Stored entries:
────────

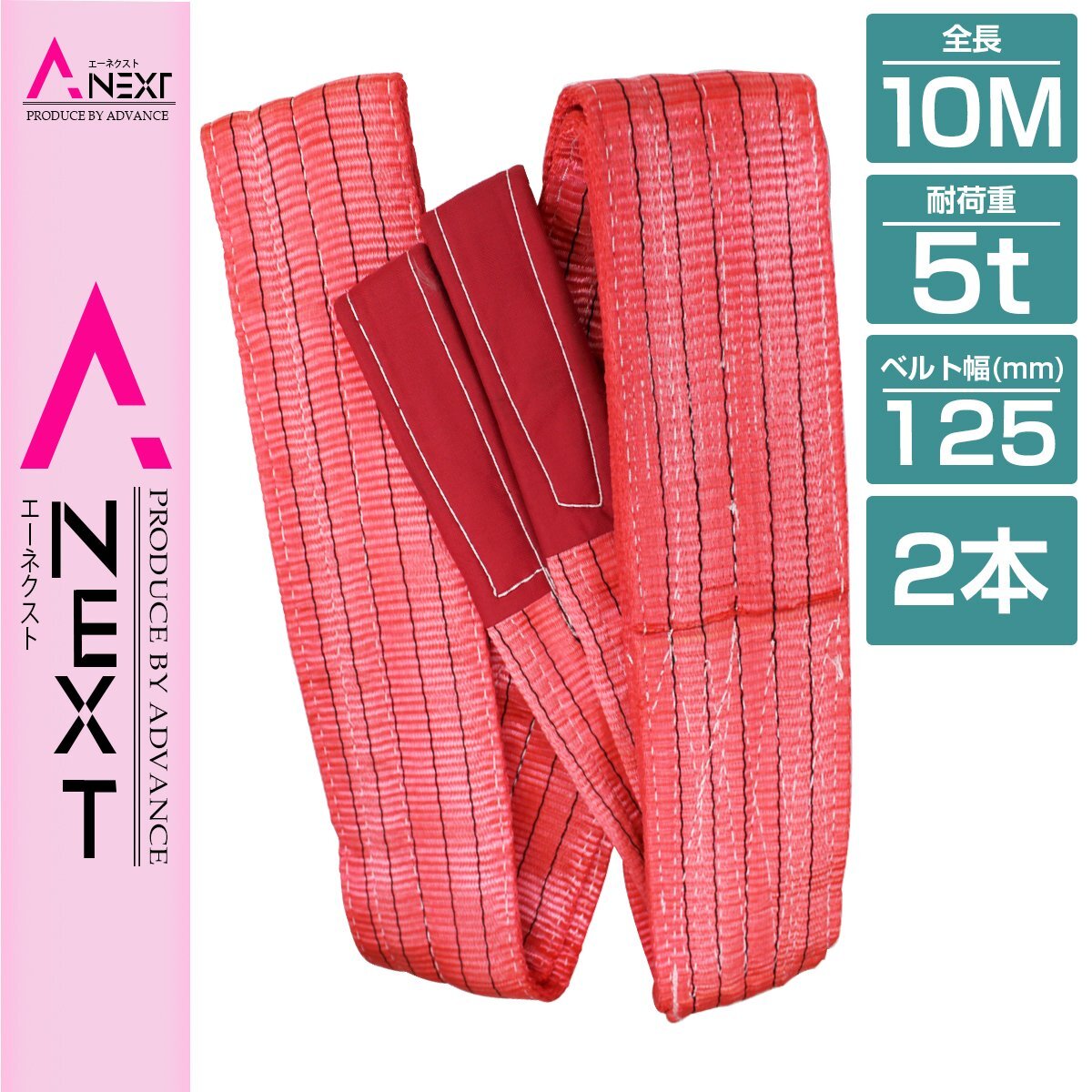 > [2本 セット/耐荷5t/長さ 10m] スリング ベルト 吊上げ ナイロン クレーン ロープ 荷吊り 玉掛け 牽引 運搬 5000kg 5トン 幅125mm
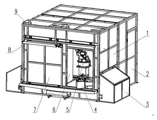 1工作間主體 2維護門 3轉(zhuǎn)臂護罩 4轉(zhuǎn)臂及轉(zhuǎn)臺
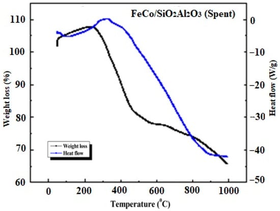 Thermogravimetric and differential scanning calorimetry (TGA-DSC) thermograms of spent FeCo/SiO2Al2O3 catalysts.
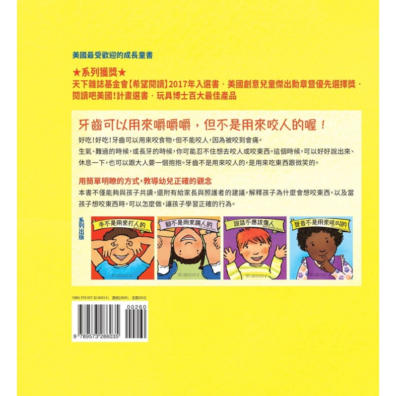 生氣、難過的時候,或長牙的時候,你可能忍不住想去咬人或咬東西。這個時候,可以好好說出來、休息一下,也可以跟大人要一個抱抱。牙齒不是用來咬人的,是用來吃東西跟微笑的。
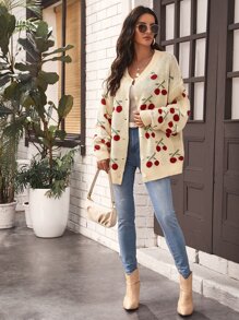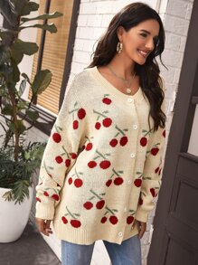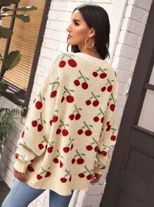 Drop Shoulder Cherry Pattern Cardigan
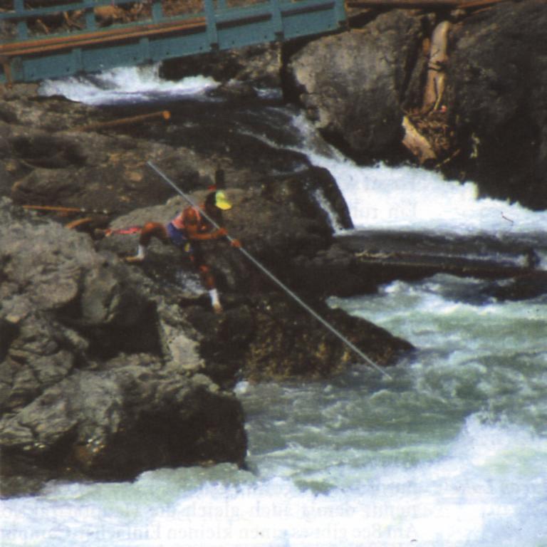 eine ideale Stelle, an der lokale Indianern mit traditionellen Mitteln Lachse fangen.
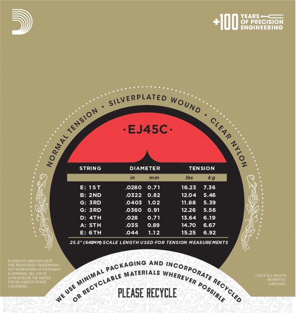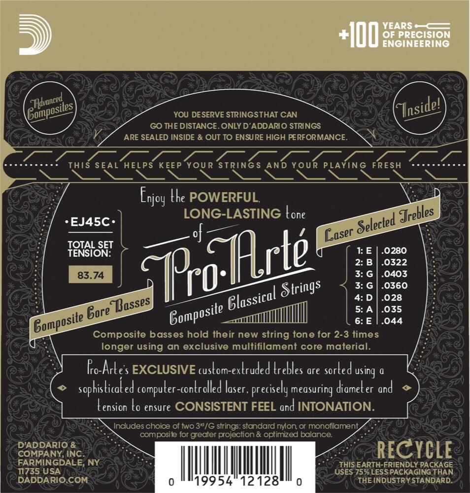 D'Addario EJ45C - Normal Composite - Pro Arte. Flere års udvikling førte til Pro Arte serien, hvor hver nylon strengs diameter kontrolleres 200 gange af en sofistikeret computerstyret laser.

────────

> **About this task**:
Drop the pictures, then write out only the lines running from the one containing "eine ideale Stelle, an" through the last line above, both included, exactly.

> **Response to this task**:
 eine ideale Stelle, an der lokale Indianern mit traditionellen Mitteln Lachse fangen.
 D'Addario EJ45C - Normal Composite - Pro Arte. Flere års udvikling førte til Pro Arte serien, hvor hver nylon strengs diameter kontrolleres 200 gange af en sofistikeret computerstyret laser.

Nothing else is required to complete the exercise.